Troppe omissioni e nessuna verità sulla fine di Samuele De Paoli, trovato cadavere 3 anni e mezzo fa. Parla la madre Sonia Sorbelli

di Alessandro Antonini
PERUGIA
“Troppe omissioni e nessuna verità, ancora. E sono passati tre anni e mezzo. Samuele è il figlio di tutti. Mi devono aiutare. Quella sera era uscito per un aperitivo ed è stato ritrovato morto ammazzato. Hanno paura tutti di parlare”. Sonia Sorbelli, la mamma di Samuele De Paoli, il calciatore 22enne trovato morto nudo in un fosso a Sant ’Andrea delle Fratte nell’aprile del 2021. La trans Patrizia (Pinheiro Duarte Hudson), che era stata accusata di omicidio preterintenzionale, era stata assolta “perché il fatto non sussiste”. La procura generale, diretta da Sergio Sottani, ha presentato appello, l’udienza si terrà il 23 ottobre. “Purtroppo – continua Sonia, che non si è mai arresa al responso di primo grado – alcune cose sono chiare in questa vicenda: sono stati tagliati i video, manomessi o cambiati. E gli originali dove sono? Mancano i momenti cruciali dei filmati. Per non parlare dei 4 dna non analizzati, di cui due sotto un’unghia della mano sinistra di Samuele”. L’indagine è stata riaperta dalla procura generale ma ancora non ci sono certezze. Dopo tre anni mezzo dalla morte di mio figlio non so ancora cosa è successo davvero. O meglio, abbiamo dei sospetti, ci sono degli indizi chiari, ma ancora nessuna verità giudiziaria. La mia lotta deve andare avanti e andrà avanti, a prescindere dai tribunali”, fa sapere Sorbelli.Il procuratore Sottani, nell’atto di impugnazione della sentenza di primo grado, “confuta innanzitutto le dichiarazioni dell’imputata nella parte in cui afferma di aver soltanto allontanato e non cercato di strozzare il suo aggressore. In realtà – dice una nota della procura generale – dalle risultanze mediche viene dimostrato che il decesso è avvenuto a seguito di un’azione di strozzamento”. Il procuratore effettua inoltre una diversa ricostruzione del momento della morte di Samuele rispetto alla sentenza di primo grado.
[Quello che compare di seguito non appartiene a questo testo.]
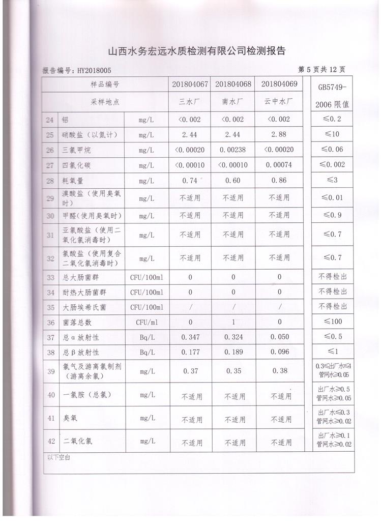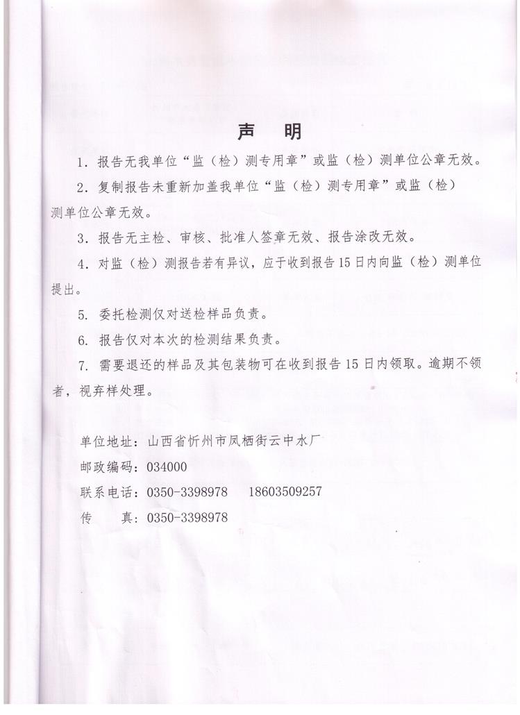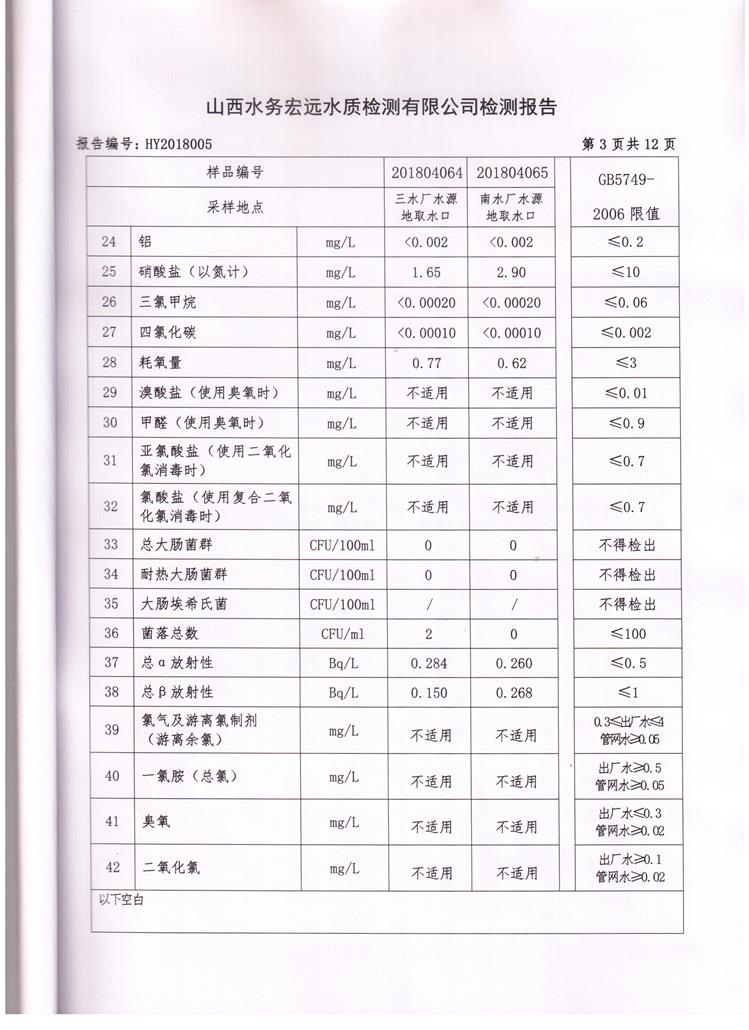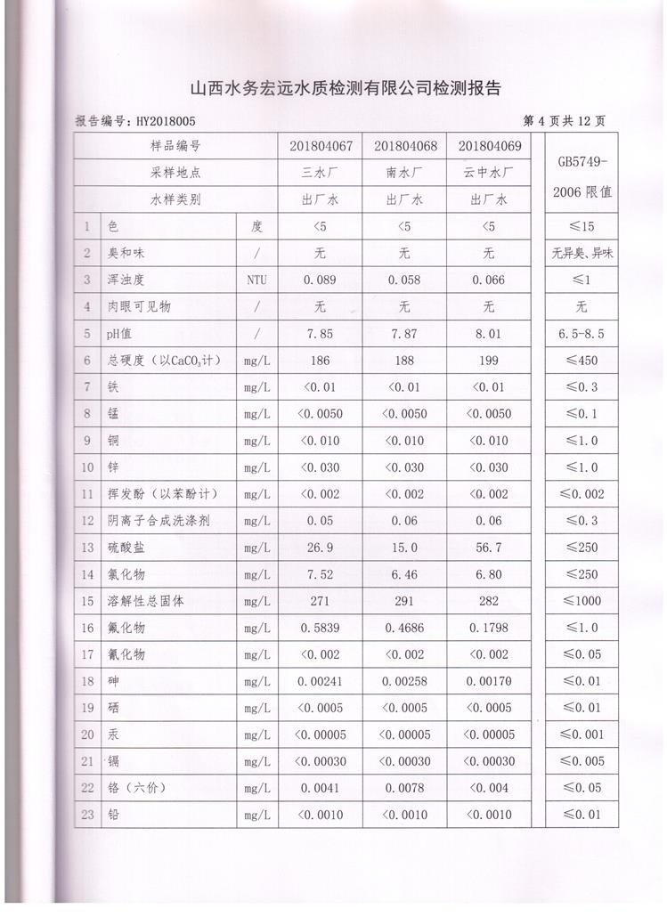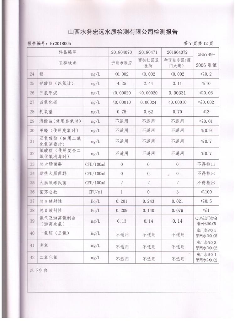 忻州城區(qū)公共供水水源水、出廠水、管網(wǎng)水、管網(wǎng)末梢水2018年4月份水質信息公示

Secondo il gip, il rapporto sessuale, la colluttazione e la morte del giovane sono avvenuti tutti all’interno dell’abitacolo della Panda rossa della vittima nella posizione di guida. Il corpo del giovane sarebbe stato trascinato dall’imputata successivamente al decesso, fuori dall’auto egettato nel fosso. Diversamente, secondo la ricostruzione del procuratore, “la colluttazione, pur iniziata all’interno dell’abitacolo dell’autovettura, è proseguita all’esterno ed il giovane è morto nel fosso. D’altronde, che l’omicidio sia avvenuto fuori dall’automobile e che non ci sia stato trascinamento sembra dimostrato anche dalla posizione del corpo del ragazzo nel fosso, la cui testa è nella direzione dell’autovettura. Secondo l’atto di impugnazione – recita la nota della procura generale – la vittima voleva far scendere l’imputata dall’autovettura e per questo l’ha aggredita. Quest ’ultima ha apposto resistenza e quando il giovane è caduto nel fosso, l’imputata, invece di scappare, come avrebbe potuto, ha seguitato ad afferrare il collo del ragazzo e lo ha strozzato cagionandogli la morte, pur non voluta”.